*** Block opens ***

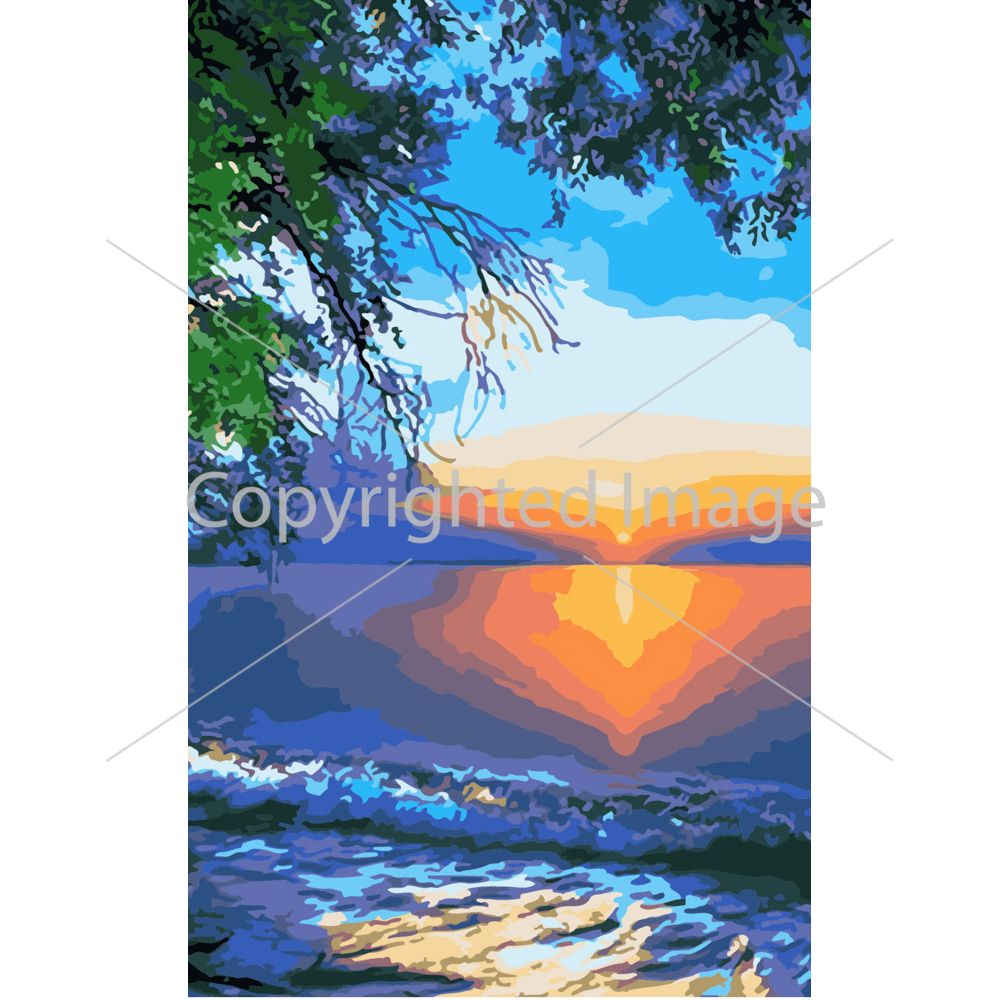Картина за номерами Strateg ПРЕМІУМ Захід сонця біля води розміром 50х25 см (WW036)
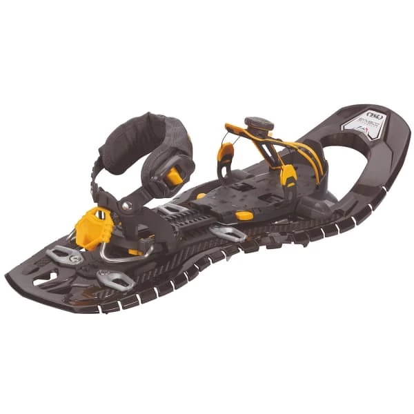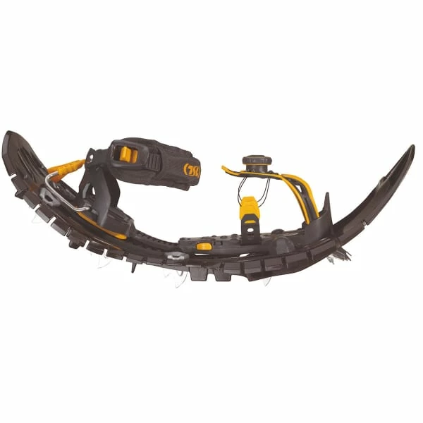 Bénéficiant de la technologie Hyperflex pour un déroulé du pied totalement naturel, cette raquette possède une forme en taille de guêpe qui permet une démarche naturelle. Légère et accrocheuse, elle ajoute une griffe avant, des lames verticales et différents crampons en acier inoxydable qui permettent un contrôle optimal et accrocheur de chaque pas sur tous types de neige. D’autre part, des renforts en carbone stockent l’énergie lors de la flexion et la restituent en fin de foulée, ce qui augmente la puissance de marche et limite les efforts. Limitant aussi les vibrations, ils améliorent la relaxation musculaire ainsi que la sensation de liberté et de facilité.
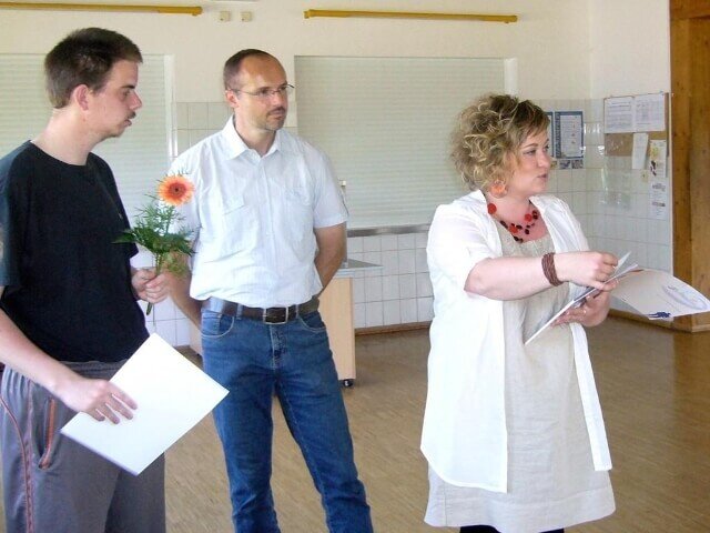 Vom 01.06.2009 bis 31.05.2011 absolvierten Herr Mau, Herr Bauer und Herr Langschwager ihre berufliche Bildung und feierten den erfolgreichen Abschluss zusammen mit Vertretern aus den jeweiligen Arbeitsbereichen. Am 1. Juni 2011 nehmen alle drei ihre Arbeit in der Greifenwerkstatt auf.

*** Block closes ***

• [Your instructions] Everything in the listing above except the pictures should be duplicated exactly.

• [Result for this task]
Картина за номерами Strateg ПРЕМІУМ Захід сонця біля води розміром 50х25 см (WW036)
 Bénéficiant de la technologie Hyperflex pour un déroulé du pied totalement naturel, cette raquette possède une forme en taille de guêpe qui permet une démarche naturelle. Légère et accrocheuse, elle ajoute une griffe avant, des lames verticales et différents crampons en acier inoxydable qui permettent un contrôle optimal et accrocheur de chaque pas sur tous types de neige. D’autre part, des renforts en carbone stockent l’énergie lors de la flexion et la restituent en fin de foulée, ce qui augmente la puissance de marche et limite les efforts. Limitant aussi les vibrations, ils améliorent la relaxation musculaire ainsi que la sensation de liberté et de facilité.
 Vom 01.06.2009 bis 31.05.2011 absolvierten Herr Mau, Herr Bauer und Herr Langschwager ihre berufliche Bildung und feierten den erfolgreichen Abschluss zusammen mit Vertretern aus den jeweiligen Arbeitsbereichen. Am 1. Juni 2011 nehmen alle drei ihre Arbeit in der Greifenwerkstatt auf.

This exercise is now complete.